Study: Breast Feeding Doesn’t Make Your Kid Smarter
The debate continues, this time with a study finding that breast fed children are no more intelligent than kids who aren’t breast fed
The benefits of breast feeding have been well established — from protecting against infections to lowering the risk of Sudden Infant Death Syndrome. But a new study raises doubts about one of the most contentious of those alleged benefits: intelligence. Researchers from the University College Dublin have found that breast feeding doesn’t have any long-term impact on children’s cognitive abilities.
The study, published in the journal Pediatrics, used longitudinal data on 8,000 children in Ireland. Initially, the researchers found the breast-fed children scored better on cognitive development. But when they controlled for other outside factors, the breast feeding advantage disappeared. At the age of three, children who were breast fed for at least six months showed no statistically significant differences when it came to cognitive abilities. This seems to contradict prior research finding higher IQs among elementary age children who were breast-fed.
The current study did find one notable benefit: at age three, breast-fed kids were less hyperactive — but that advantage disappeared by age five.
“The belief that babies who are breast fed have advantages in their cognitive development, in particular, has been a topic of debate for over a century now. What needs to be emphasized here is the notion of causality,” said lead researcher Lisa-Christine Girard in an email. “Babies who are breast fed do tend to score higher on measures of their cognitive ability over time, yet this may, in large part, be the result of other factors that are associated with maternal selection into breast feeding.”
One such factor is education — mothers who breastfeed tend to have higher levels of education. Unless you control for such things, as the current study does, it’s hard to identify cause and effect. “Our results would suggest that breast feeding per se, may not be the causal factor responsible for ‘smarter kids,’ although it may be associated via maternal and family characteristics,” said Girard.

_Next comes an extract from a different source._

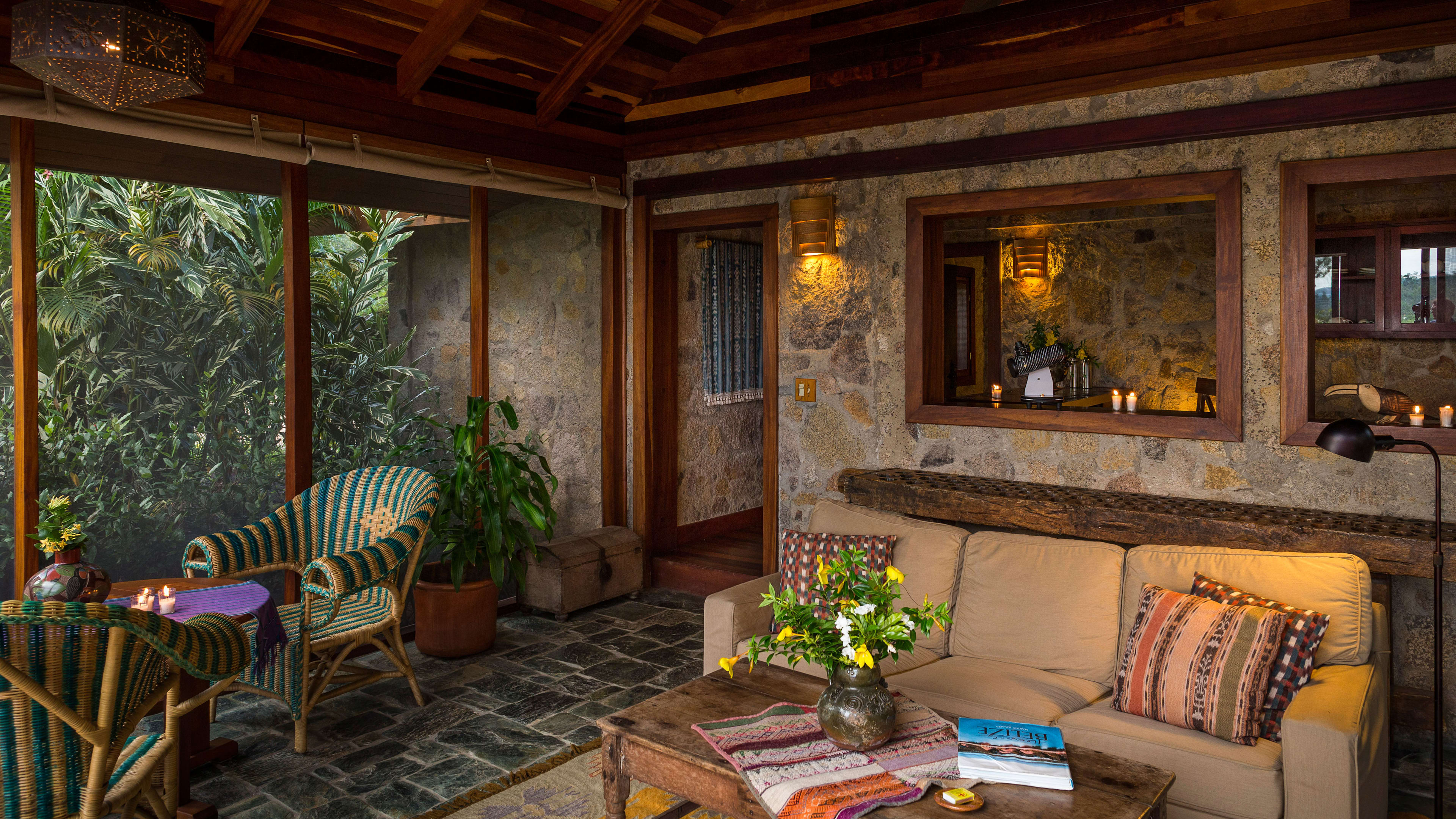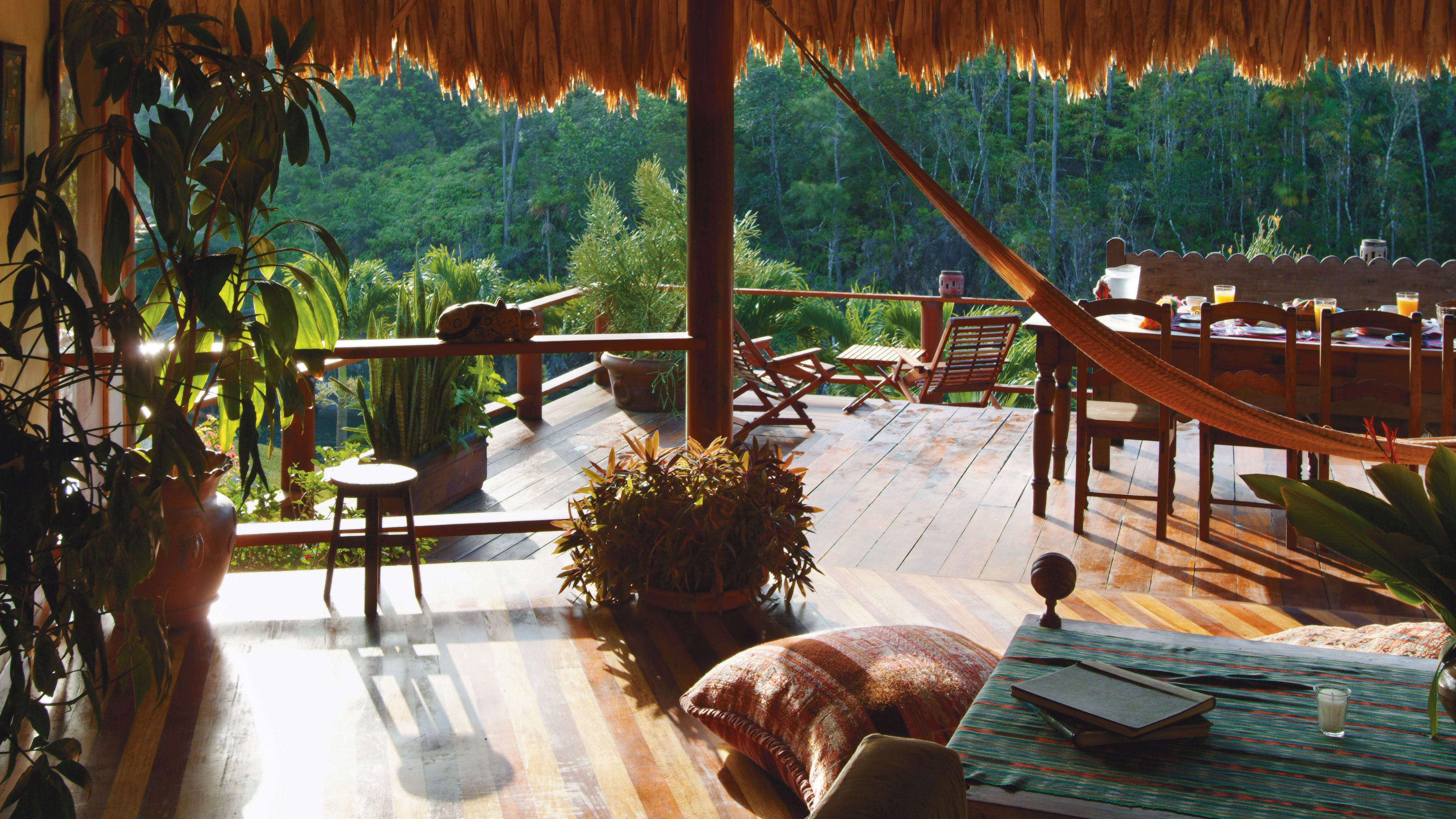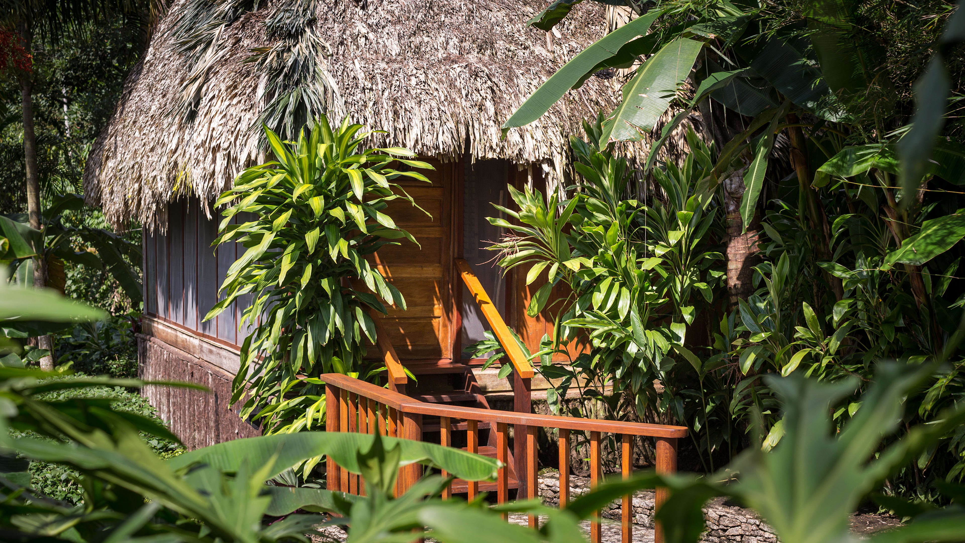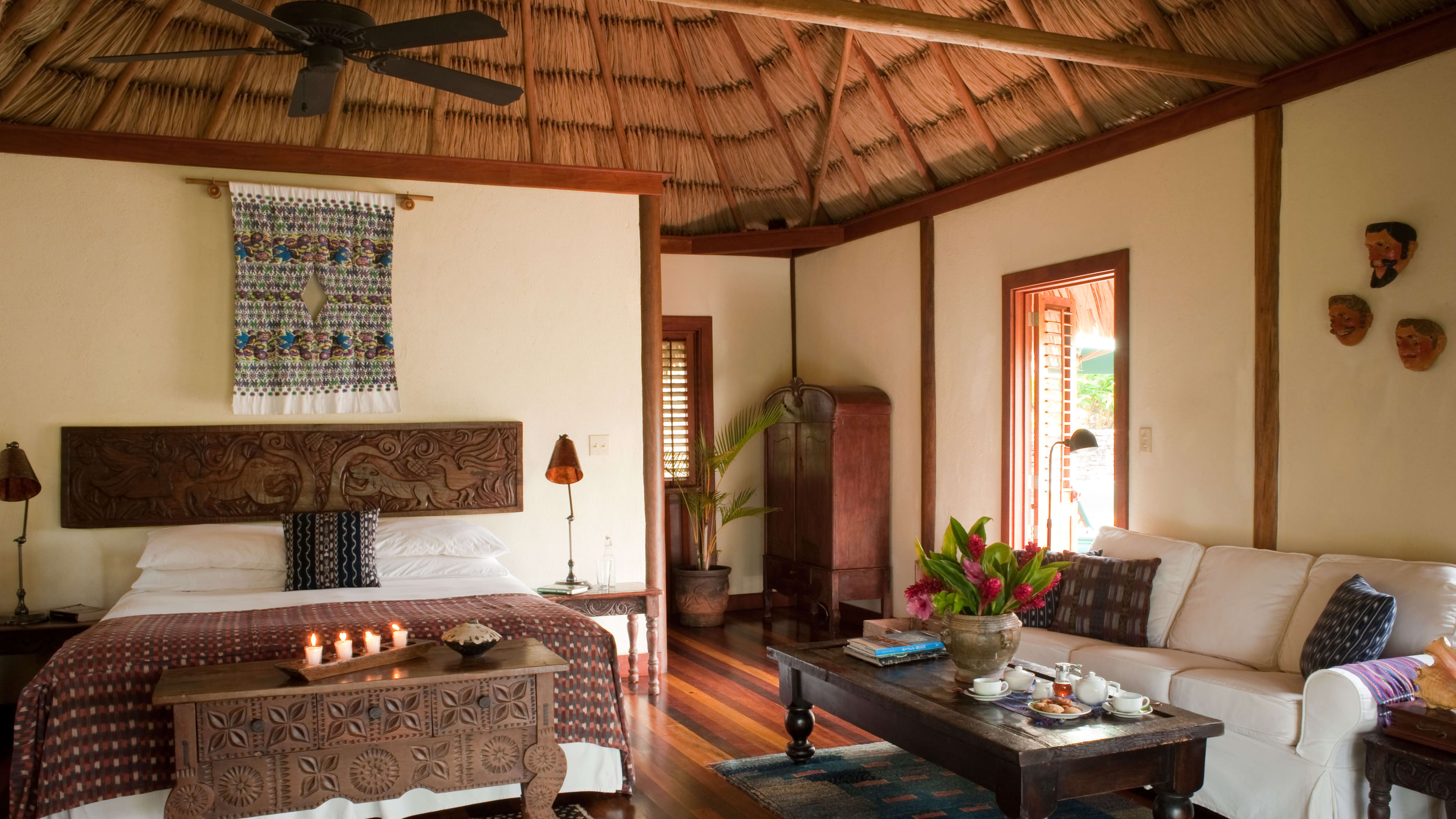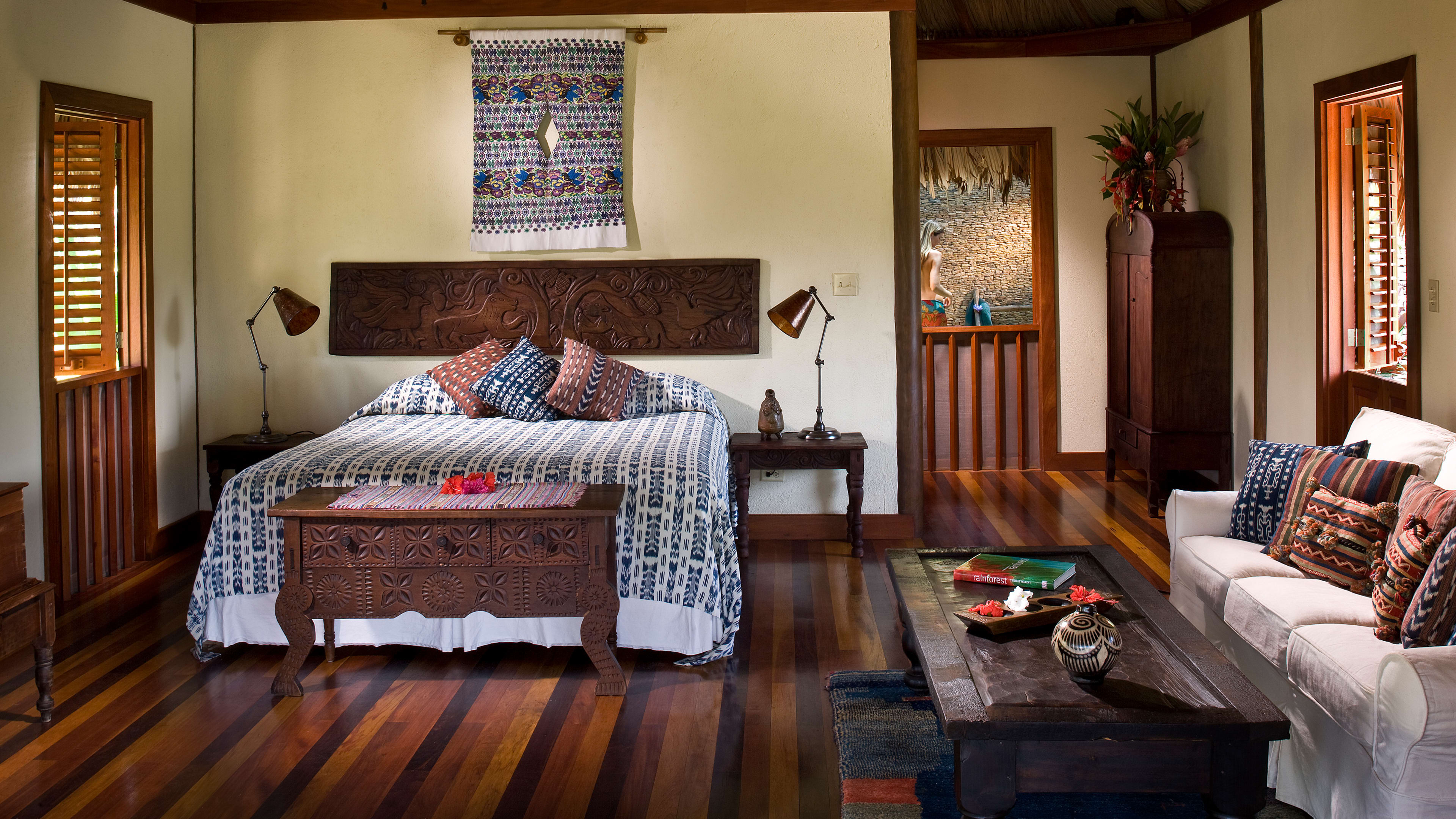 The ceiling fans in the Jaguar Bar are souvenirs from Apocalypse Now, and the hand-carved bar counter is decorated with glyphs of Mayan gods. Throughout the day, hummingbirds feed on the tropical flowers while guests sup hibiscus daiquiris.

This study will no doubt re-fuel the breast feeding debate — which, let’s be honest, is never for lack of kindling — but it doesn’t fundamentally change what we know about the overall benefits. It just complicates the picture when it comes to intelligence, and that certainly won’t do anything to change the American Academy of Pediatrics’ recommendations that mothers breastfeed exclusively for the first six months. As Girard said, “For mothers who are able, breast feeding provides a wealth of documented benefits to both mother and babies and it is important to emphasize that our findings regarding cognitive development in particular in no way take away from that.”